Segment Start: DATA

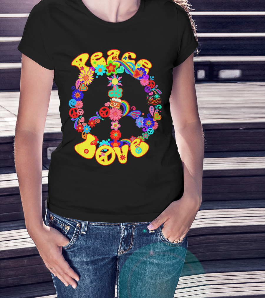The Peace Love Hippie Peace Sign Groovy 60s 70s Flower Power T-shirt is designed for everyday wear and a consistent fit. Fabric is pre-shrunk ring-spun cotton with durable stitching. See the size chart below for exact measurements.
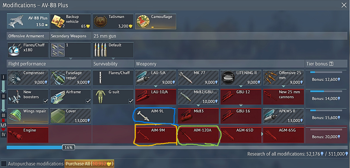 Even after unlocking the AIM-9L modification, the two additional AIM-9L missiles conflict with the hardpoint positions of the stock AMRAAM missiles provided by default. In practice, there is no meaningful advantage or incentive to choose AIM-9Ls over AMRAAMs in the current in-game environment.
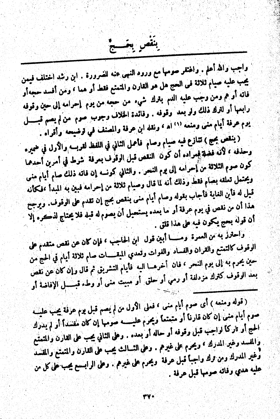 وَاحْتُرِزَ بِهِ مِنْ الْعُمْرَةِ وَمَا أَبَيْنَ قَوْلَ ابْنِ الْحَاجِبِ، فَإِنْ كَانَ عَنْ نَقْصٍ مُتَقَدِّمٍ عَلَى الْوُقُوفِ كَالتَّمَتُّعِ وَالْقِرَانِ وَالْفَسَادِ وَالْفَوَاتِ وَتَعَدَّى الْمِيقَاتَ صَامَ ثَلَاثَةَ أَيَّامٍ فِي الْحَجِّ مِنْ حِينِ يُحْرِمُ بِهِ إلَى يَوْمِ النَّحْرِ، فَإِنْ أَخَّرَهَا إلَيْهِ فَأَيَّامُ التَّشْرِيقِ ثُمَّ قَالَ وَإِنْ كَانَ عَنْ نَقْصٍ بَعْدَ الْوُقُوفِ كَتَرْكِ مُزْدَلِفَةَ أَوْ رَمْيٍ أَوْ حَلْقٍ أَوْ مَبِيتِ مِنًى أَوْ وَطِئَ قَبْلَ الْإِفَاضَةِ أَوْ
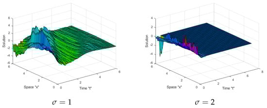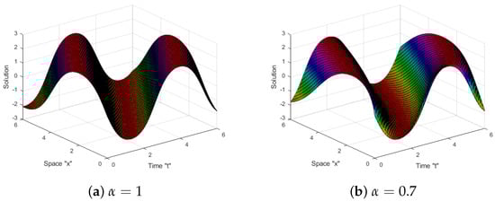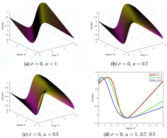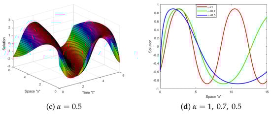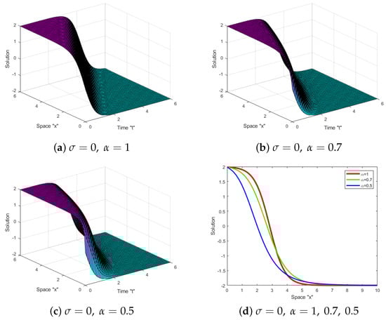 Next, we address the impact of the CD and BM on the exact solution of FSKMMS (1). We provide a number of graphs to demonstrate the current state of these solutions. For the obtained solutions, such as (16), (18), and (19), we simulate these graphs using the parameters , and .
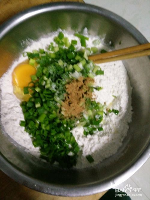 把准备好的食材,小葱切好,胡萝卜切丁,放在一个盆里,加上盐和十三香
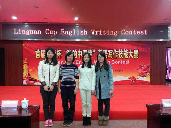 12月7日,广东省首届岭南杯“我的中国梦”英语写作技能大赛复赛、决赛在广州航海学院隆重举行。本次英语写作技能大赛由广州外语协会、广州日报报业集团和广州英文早报主办,广州航海学院承办。十大网投平台排行外语系11级语言与文化专业刘倩彤、12级日语专业梁宇茜和经济系12级国贸专业苏西青在领队老师黄玉亭的带领下前往广州航海学学院参加了本次大赛。

Segment End: DATA

TASK BRIEF: Images in the records should not be copied. Repeat all the rest exactly.

COMPLETED TASK:
The Peace Love Hippie Peace Sign Groovy 60s 70s Flower Power T-shirt is designed for everyday wear and a consistent fit. Fabric is pre-shrunk ring-spun cotton with durable stitching. See the size chart below for exact measurements.
 Even after unlocking the AIM-9L modification, the two additional AIM-9L missiles conflict with the hardpoint positions of the stock AMRAAM missiles provided by default. In practice, there is no meaningful advantage or incentive to choose AIM-9Ls over AMRAAMs in the current in-game environment.
 وَاحْتُرِزَ بِهِ مِنْ الْعُمْرَةِ وَمَا أَبَيْنَ قَوْلَ ابْنِ الْحَاجِبِ، فَإِنْ كَانَ عَنْ نَقْصٍ مُتَقَدِّمٍ عَلَى الْوُقُوفِ كَالتَّمَتُّعِ وَالْقِرَانِ وَالْفَسَادِ وَالْفَوَاتِ وَتَعَدَّى الْمِيقَاتَ صَامَ ثَلَاثَةَ أَيَّامٍ فِي الْحَجِّ مِنْ حِينِ يُحْرِمُ بِهِ إلَى يَوْمِ النَّحْرِ، فَإِنْ أَخَّرَهَا إلَيْهِ فَأَيَّامُ التَّشْرِيقِ ثُمَّ قَالَ وَإِنْ كَانَ عَنْ نَقْصٍ بَعْدَ الْوُقُوفِ كَتَرْكِ مُزْدَلِفَةَ أَوْ رَمْيٍ أَوْ حَلْقٍ أَوْ مَبِيتِ مِنًى أَوْ وَطِئَ قَبْلَ الْإِفَاضَةِ أَوْ
 Next, we address the impact of the CD and BM on the exact solution of FSKMMS (1). We provide a number of graphs to demonstrate the current state of these solutions. For the obtained solutions, such as (16), (18), and (19), we simulate these graphs using the parameters , and .
 把准备好的食材,小葱切好,胡萝卜切丁,放在一个盆里,加上盐和十三香
 12月7日,广东省首届岭南杯“我的中国梦”英语写作技能大赛复赛、决赛在广州航海学院隆重举行。本次英语写作技能大赛由广州外语协会、广州日报报业集团和广州英文早报主办,广州航海学院承办。十大网投平台排行外语系11级语言与文化专业刘倩彤、12级日语专业梁宇茜和经济系12级国贸专业苏西青在领队老师黄玉亭的带领下前往广州航海学学院参加了本次大赛。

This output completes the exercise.